The other party duly informed us that they intended to start. Three weeks afterwards they did. The posta had just left me about eleven, when we heard a shot. Some excitement occurred down below, and postas swarmed up to our house to see if I was there. Search parties were out all night.
We were all confined to our house. Next day I heard that at the last minute the escape was nearly nipped in the bud at the start. This was prevented by our old Bombardier Prosser, who did servant down there. One of the party forgot his watch, and actually sent the bombardier, who was showing them out, back for it. A posta accosted him. He knocked the posta down, and rushing up to his room, shaved his moustache off and got into bed. They had him out and listened to his heart to see, as they did on such occasions, if it was still beating quickly. This would have meant he had just been out.

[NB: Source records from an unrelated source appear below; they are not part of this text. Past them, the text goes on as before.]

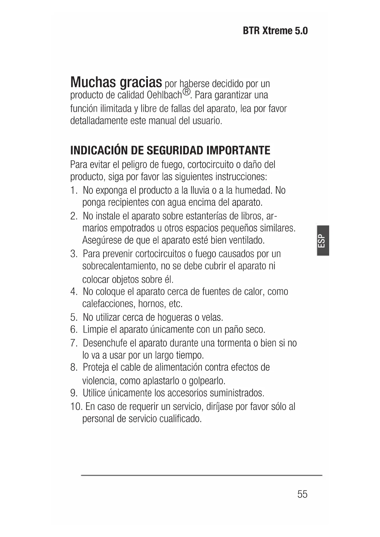 MANUAL DE USUARIO BTR Xtreme 5.0 Oehlbach
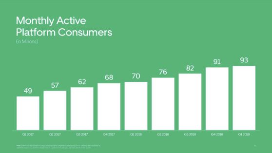 (Uber在2019Q1盈利报告中对每月活跃用户的展示)
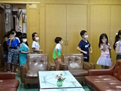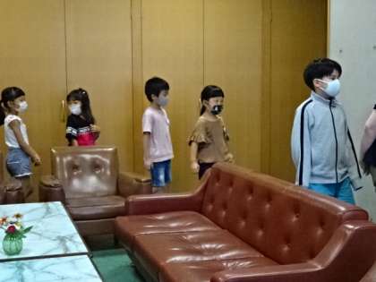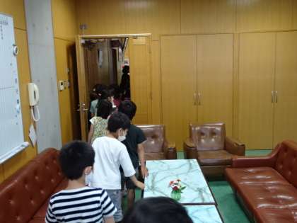 校長室には何があるのかな?校長室の見学に来ました。ソファーがいくつもあるのは、何のため?これから見てきたことをもとに考えます。
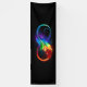 Artistically drawn infinity symbol with beautiful rainbow feather on white background. Tattoo style.
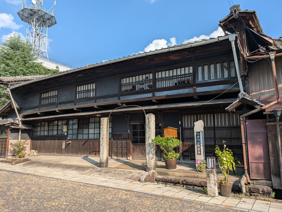 2階建ての大型町屋建築です。正面の間口は15・5メートル、奥行きは22・8メートル。敷地の間口は20メートル近く。建築年代は不明ですが、基本構造は江戸中期にさかのぼり、庭は古木と石、池が配されています。庄屋を務めながら旅籠(はたご)も営み、各地の殿様や明治維新を担った要人も東西を行き来するなかで宿泊しました。
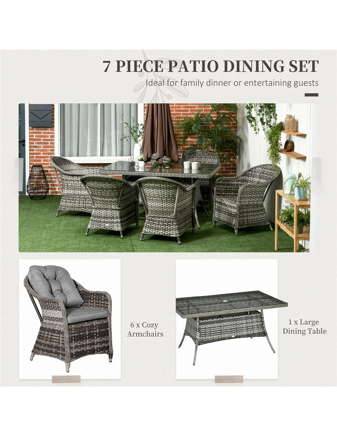 The Outsunny Seven-Piece Rattan Dining Set in grey is perfect for enhancing your outdoor space, whether it’s a garden, patio, or conservatory. Ideal for family dinners, weekend barbecues, or social gatherings, this set offers both style and practicality. The spacious table comfortably accommodates six guests, while the soft cushions provide added comfort for long, leisurely meals. Thanks to its durable aluminium frame and weather-resistant PE wicker, it remains a reliable choice throughout the seasons. The integrated parasol hole allows you to add shade on sunny days, making it a versatile addition to your outdoor living area.

We remained under "bund" without incident. Hourly reports came that the other party had been captured. But they didn't return. The following notice appeared posted up next day and signed by the commandant.
"Possession of the offensives have been taken. Other officers are requested not to escape, and will be surely shot in bunking. Officers offensive in this fashion, giving their parole, are informed they must be fired at in any case. All are requested to be happy. Do not take rotten advantage of your old postas for God sake. This is final notice before shooting. Let the special one note."
I was voted the special one in my house.
We heard a rumour that the party while trying to avoid the bandits in making for the coast had actually struck the main band, and after getting away, tried to pass off as Germans. They were discovered. I have no wonder—and a letter written by an officer, amateur at Turkish, was taken.
Clumsy as the start was, they have done well, and we all wish them the very best of luck.
So the days dragged on and the nights stood still. Once more summer was over. Once more it seemed we were entering the long stretch of autumn that led into the terrors of winter, with its cold, and scarcity of food that our slender means could not negotiate. But through the nights and days always, always, there was the same range of hills dividing us from the sea. In the first days of September there suddenly appeared in Kastamuni a tall Turkish Mir Ali (full colonel), named Zia Bey, the inspecting officer of the Government. He came to hear our complaints. His visit last year had been hailed with great glee, but we had since learned that these events were shorn of possibilities of increase of liberty. He came, no doubt, to inquire about the escape. We were still heavily under "bund," and so he visited each house. He had a pleasant appearance, was very quiet, and extraordinarily polite, but he did nothing. We stood around his chair while our spokesman told of our petty troubles, the large ones we knew it useless to recount, so we asked for fresh air and money and leave for our British servants to go to the pump without a posta as they were few and we were often thirsty. He noted our points, but promised nothing except one or two.
I heard him ask which was I, and I could see I was still under heavy suspicion about escaping, although my eyelids were so swollen that I could not see at all out of one eye, and only indifferently out of the other. But I was not so blind that I could not see that Zia was the polite type of lazy Turk that in the heart of him has fear. I said nothing of the scheme that evolved itself as we all sat together. It was fatal to hand over one's embassy to another. When he had gone I wrote a letter to him.
My assets were that I had really been very ill from the effects of a shell contusion in my spine for a very long time. Of this I could show nothing except in two places, the vertebræ were parted and irregular, and one had since grown nearer. If one could refer to anything so damnable as captivity being blighted, I might say that bruise has blighted mine. Of the untold hours that I lie awake waiting, waiting, for the roof, sky, and earth to stop pulsating to the pulsation in my spine, no one can ever know. But the eye trouble, originally strain from shell-shock and from grit, is now only bad conjunctivitis, although it looks awfully serious. As first violin of our band my bandaged eye, and, later, my absence, had been conspicuous enough to the Turks. Moreover, I had recently received word from the late Lord Grey and a letter from some friends at the Foreign Office. In one letter a kind inquiry existed about my health, noting the special treatment our enemy prisoners were getting in cases like mine in London, and saying medicine and glasses were being sent me to save my eyes in the meantime. On this I made my case without threatening the Turk, but indicating that they had become aware of my case in London. That I had been so neglected my eyes were imperilled, and that whatever had happened in the past the inspecting officer, at all events, now had the opportunity of giving me in Stamboul the treatment that the Turks got in our best hospitals.